I’ve just finished reading the most wonderful book and it is of course Floortje Zwigtman’s ”Schijnbewegingen” (Tricks of the Trade). To my big surprise this Dutch masterpiece from 2005 hasn’t been translated into English, and really I don’t understand why. This book should be filmed, it should be made into theatre, it should be on everybody’s lips as it is plain and simple brilliant.
Luckily I read a little Dutch and I read both German and Danish fluently, so I’ve read the book in all three languages (in German and Danish the book has been renamed ”I, Adrian Mayfield”) and I was amazed. I just couldn’t get enough. I have already ordered volume two of the series in German (as the Danes are not going to publish the rest of the series) and volume three in Dutch (as it’ll take a little time before the German translation surfaces).
Few books have made as huge an impression on me as this masterpiece by Floortje Zwigtman. William Faulkner’s “The Sound and The Fury” was one, Elias Canetti’s “Die Blendung” another, not to mention Douglas Adams’ “A Hitch Hikers Guide to the Galaxy”, but with this book I’ve got a new favourite. I just couldn’t put it down and read the entire 500+ pages in one go!

The year is 1894, the place is London and here 16 year old Adrian Mayfield works for a men’s tailor. After a bar brawl he quits his job and tries to figure out what to do next. His father is an alcoholic actor and former pub landlord and his mother - who has left her husband because of his drinking - is a poor seamstress. His older sister Mary Ann works in a music hall and all in all none of them are able to help the street-hardened Adrian. Instead he hooks up with the middle aged second-rate artist August Trops, who introduces him to Oscar Wilde, Aubrey Beardsley and other flamboyant and powerful personalities of the time.
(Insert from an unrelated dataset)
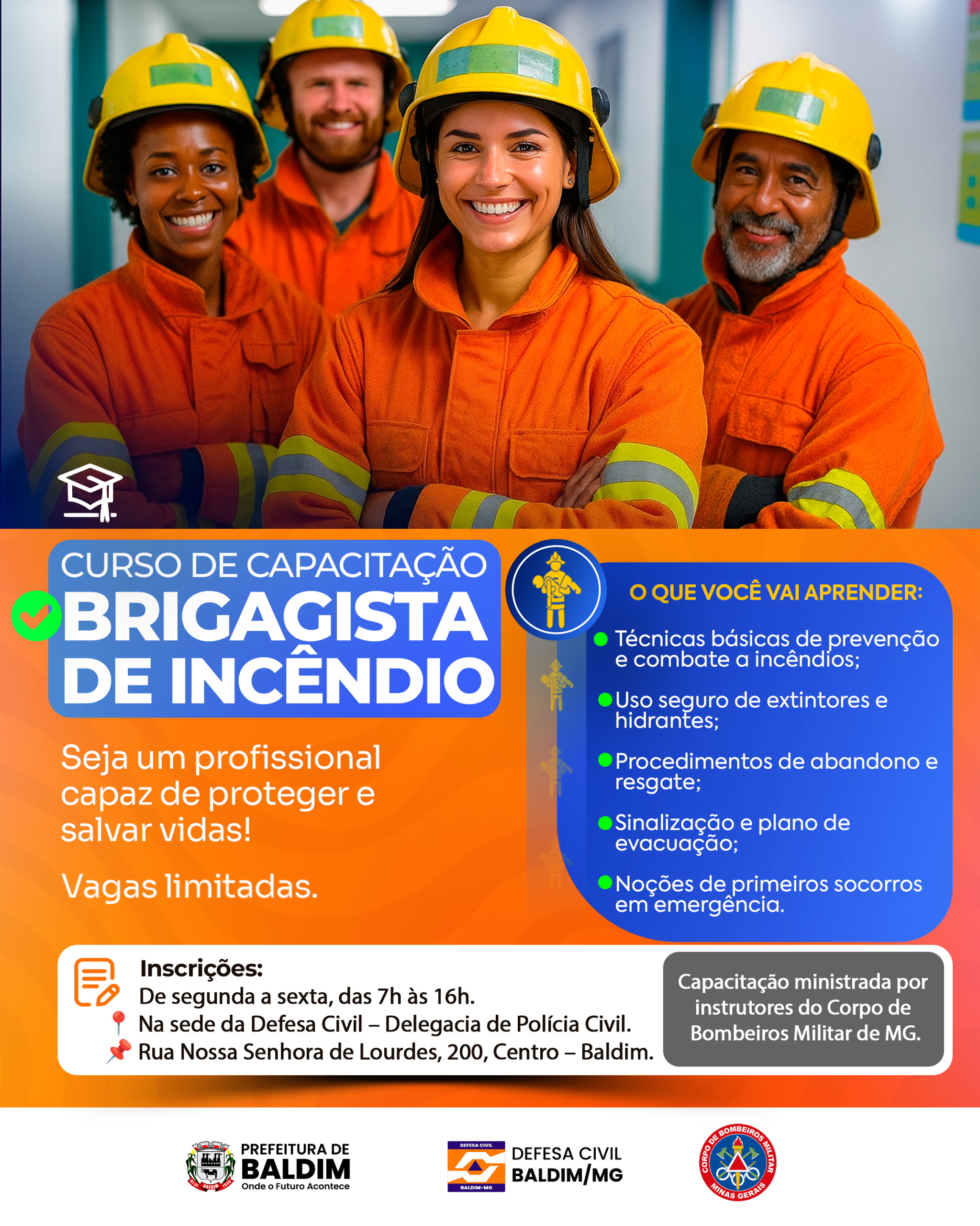 A Prefeitura de Baldim, por meio do Departamento de Defesa Civil, em parceria com o Corpo de Bombeiros Militar de Minas Gerais, realizará o Curso de Capacitação para Brigadistas de Incêndio, com o objetivo de preparar moradores da cidade para agir de forma segura e eficiente em situações de emergência.

Adrian finds work as an artist’s model and slowly comes to term with the fact that he is gay.
Adrian’s life seems to be on track, he even falls in love with a young lord, but then his new friends relocate to Europe for the summer and Adrian is again out of a job. He finds work in a male brothel and learns how dangerous it is to be gay at a time when this was regarded a crime; blackmailers and the police being your worst enemies.
In the end Adrian has to choose between his integrity and his fears, his flamboyant friends and the outraged bourgeoisie and last but not least true and false love.
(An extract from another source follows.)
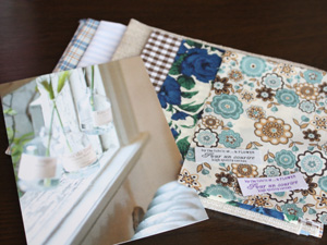 丁寧にラッピングされたカットクロスと、素敵なポストカード。

Floortje Zwigtman has won several prizes in the Netherlands, and the book “Schijnbewegingen” has seen her compared to Charles Dickens. Although they both are brilliant writers describing Victorian England, the comparison doesn’t do Zwigtman justice. Where Dickens tended to be both bleak and sentimental, Zwigtman doesn’t overdo thing, neither in the positive nor negative direction. There’s no sensationalism there, she just tells things as they are; raw, sharp and to the point. And yes, that includes describing gay bashing, male prostitution and explicit gay sex. Could that be the reason why the book has never been translated into English? I sure hope not, but I suspect it to be the case. Shame on you, British publishers! We’re in the twenty-first century now and you have to realise that straight people like me are fully capable of enjoying works about gay people like Adrian Mayfield! The film and television industries seem to have got the message, isn’t it about time, that you get it, too?
In 2005 “Schijnbewegingen” was named youth book of the year by the Dutch booksellers and that is probably part of the problem. The book fully deserved the title as book of the year, but really, the book isn’t just a youth book, if it is a book for young people at all. This isn’t an ordinary coming of age book, it isn’t even a book about coming to terms with your own sexuality, it is first and foremost a masterly journey into late ninety century London, its artists, its atmosphere and its dark sides. It is a realistic novel based on thorough research, but it is also an entertaining novel, a compassionate novel and one that’ll give you food for thought. I can’t wait to read the next volume!